* [Records supplied]
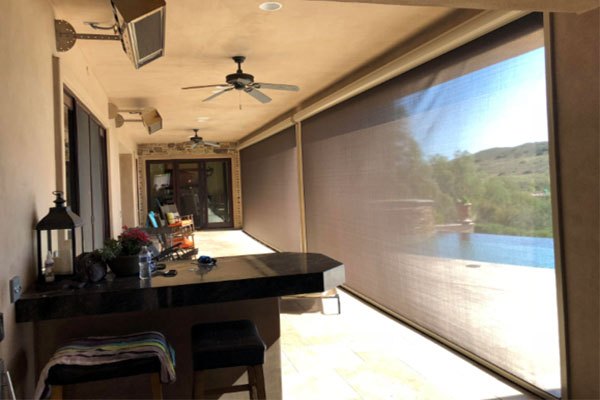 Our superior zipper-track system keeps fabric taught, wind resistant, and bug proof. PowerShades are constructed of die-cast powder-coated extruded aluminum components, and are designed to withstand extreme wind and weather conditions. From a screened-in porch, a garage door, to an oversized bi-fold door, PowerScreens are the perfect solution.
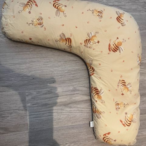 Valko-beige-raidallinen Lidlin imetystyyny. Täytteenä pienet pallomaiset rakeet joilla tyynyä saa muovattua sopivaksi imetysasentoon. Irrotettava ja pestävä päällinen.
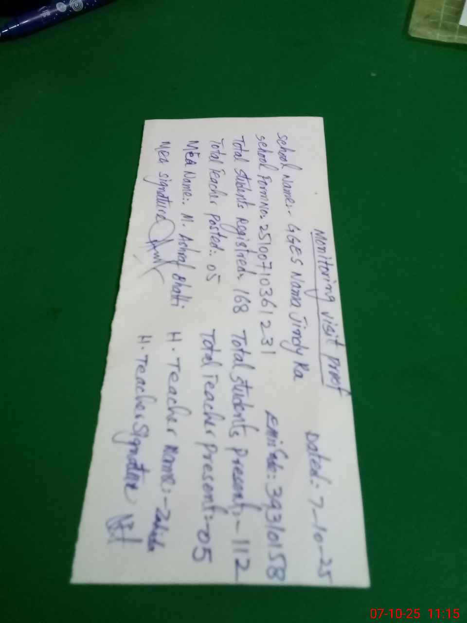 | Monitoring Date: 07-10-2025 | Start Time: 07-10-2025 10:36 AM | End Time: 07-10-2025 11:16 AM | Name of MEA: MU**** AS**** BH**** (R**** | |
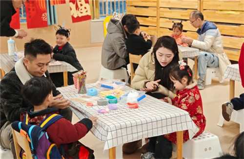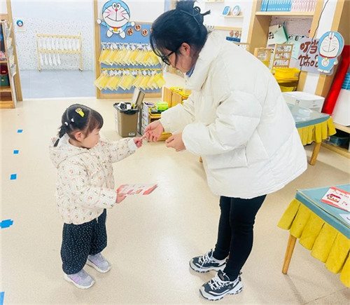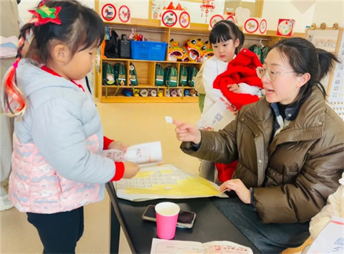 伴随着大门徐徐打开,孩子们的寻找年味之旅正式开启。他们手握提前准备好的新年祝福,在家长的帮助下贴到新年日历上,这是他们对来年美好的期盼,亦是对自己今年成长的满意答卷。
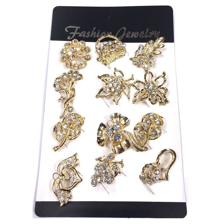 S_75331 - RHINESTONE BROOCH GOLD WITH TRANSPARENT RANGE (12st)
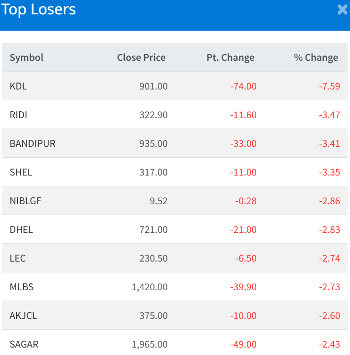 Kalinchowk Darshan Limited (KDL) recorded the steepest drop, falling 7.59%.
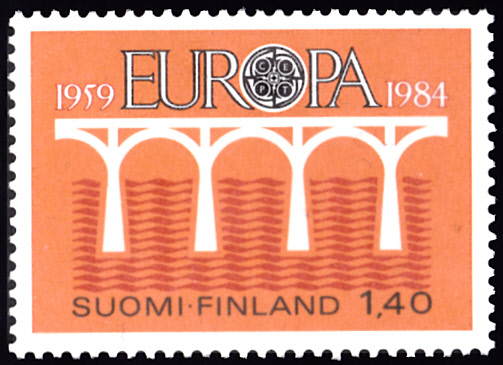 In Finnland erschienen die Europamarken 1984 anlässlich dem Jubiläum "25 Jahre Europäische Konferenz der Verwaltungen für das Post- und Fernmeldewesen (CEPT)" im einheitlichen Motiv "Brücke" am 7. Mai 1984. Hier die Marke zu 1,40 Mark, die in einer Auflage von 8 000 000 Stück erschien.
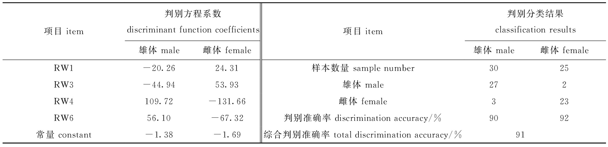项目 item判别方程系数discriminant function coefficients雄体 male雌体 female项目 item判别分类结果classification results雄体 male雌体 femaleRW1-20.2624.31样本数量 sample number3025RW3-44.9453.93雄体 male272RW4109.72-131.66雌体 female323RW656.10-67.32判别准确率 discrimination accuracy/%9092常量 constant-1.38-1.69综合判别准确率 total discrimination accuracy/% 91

--

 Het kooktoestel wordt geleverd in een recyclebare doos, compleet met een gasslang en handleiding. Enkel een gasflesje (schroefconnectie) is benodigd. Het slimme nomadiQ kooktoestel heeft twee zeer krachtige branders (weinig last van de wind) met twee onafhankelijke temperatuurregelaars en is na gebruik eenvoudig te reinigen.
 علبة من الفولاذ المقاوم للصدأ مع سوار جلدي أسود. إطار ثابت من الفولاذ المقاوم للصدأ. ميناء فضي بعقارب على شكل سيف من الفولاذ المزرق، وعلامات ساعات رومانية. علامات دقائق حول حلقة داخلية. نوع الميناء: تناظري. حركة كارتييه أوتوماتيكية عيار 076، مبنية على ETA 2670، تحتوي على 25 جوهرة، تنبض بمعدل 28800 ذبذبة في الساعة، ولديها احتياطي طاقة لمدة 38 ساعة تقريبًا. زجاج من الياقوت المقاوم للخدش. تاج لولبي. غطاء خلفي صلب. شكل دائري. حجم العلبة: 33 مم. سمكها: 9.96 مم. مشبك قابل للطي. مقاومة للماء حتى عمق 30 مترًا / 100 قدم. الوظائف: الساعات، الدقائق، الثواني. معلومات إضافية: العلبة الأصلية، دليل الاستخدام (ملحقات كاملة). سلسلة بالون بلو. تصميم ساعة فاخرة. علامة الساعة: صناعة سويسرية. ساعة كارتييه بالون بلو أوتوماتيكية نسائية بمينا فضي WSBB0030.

* [Work to complete]
Out of the records above, set down only the lines from the one that contains "Our superior zipper-track" through the one that contains "项目 item判别方程系数discriminant function", unchanged and without the pictures.

* [Output below]
 Our superior zipper-track system keeps fabric taught, wind resistant, and bug proof. PowerShades are constructed of die-cast powder-coated extruded aluminum components, and are designed to withstand extreme wind and weather conditions. From a screened-in porch, a garage door, to an oversized bi-fold door, PowerScreens are the perfect solution.
 Valko-beige-raidallinen Lidlin imetystyyny. Täytteenä pienet pallomaiset rakeet joilla tyynyä saa muovattua sopivaksi imetysasentoon. Irrotettava ja pestävä päällinen.
 | Monitoring Date: 07-10-2025 | Start Time: 07-10-2025 10:36 AM | End Time: 07-10-2025 11:16 AM | Name of MEA: MU**** AS**** BH**** (R**** | |
 伴随着大门徐徐打开,孩子们的寻找年味之旅正式开启。他们手握提前准备好的新年祝福,在家长的帮助下贴到新年日历上,这是他们对来年美好的期盼,亦是对自己今年成长的满意答卷。
 S_75331 - RHINESTONE BROOCH GOLD WITH TRANSPARENT RANGE (12st)
 Kalinchowk Darshan Limited (KDL) recorded the steepest drop, falling 7.59%.
 In Finnland erschienen die Europamarken 1984 anlässlich dem Jubiläum "25 Jahre Europäische Konferenz der Verwaltungen für das Post- und Fernmeldewesen (CEPT)" im einheitlichen Motiv "Brücke" am 7. Mai 1984. Hier die Marke zu 1,40 Mark, die in einer Auflage von 8 000 000 Stück erschien.
项目 item判别方程系数discriminant function coefficients雄体 male雌体 female项目 item判别分类结果classification results雄体 male雌体 femaleRW1-20.2624.31样本数量 sample number3025RW3-44.9453.93雄体 male272RW4109.72-131.66雌体 female323RW656.10-67.32判别准确率 discrimination accuracy/%9092常量 constant-1.38-1.69综合判别准确率 total discrimination accuracy/% 91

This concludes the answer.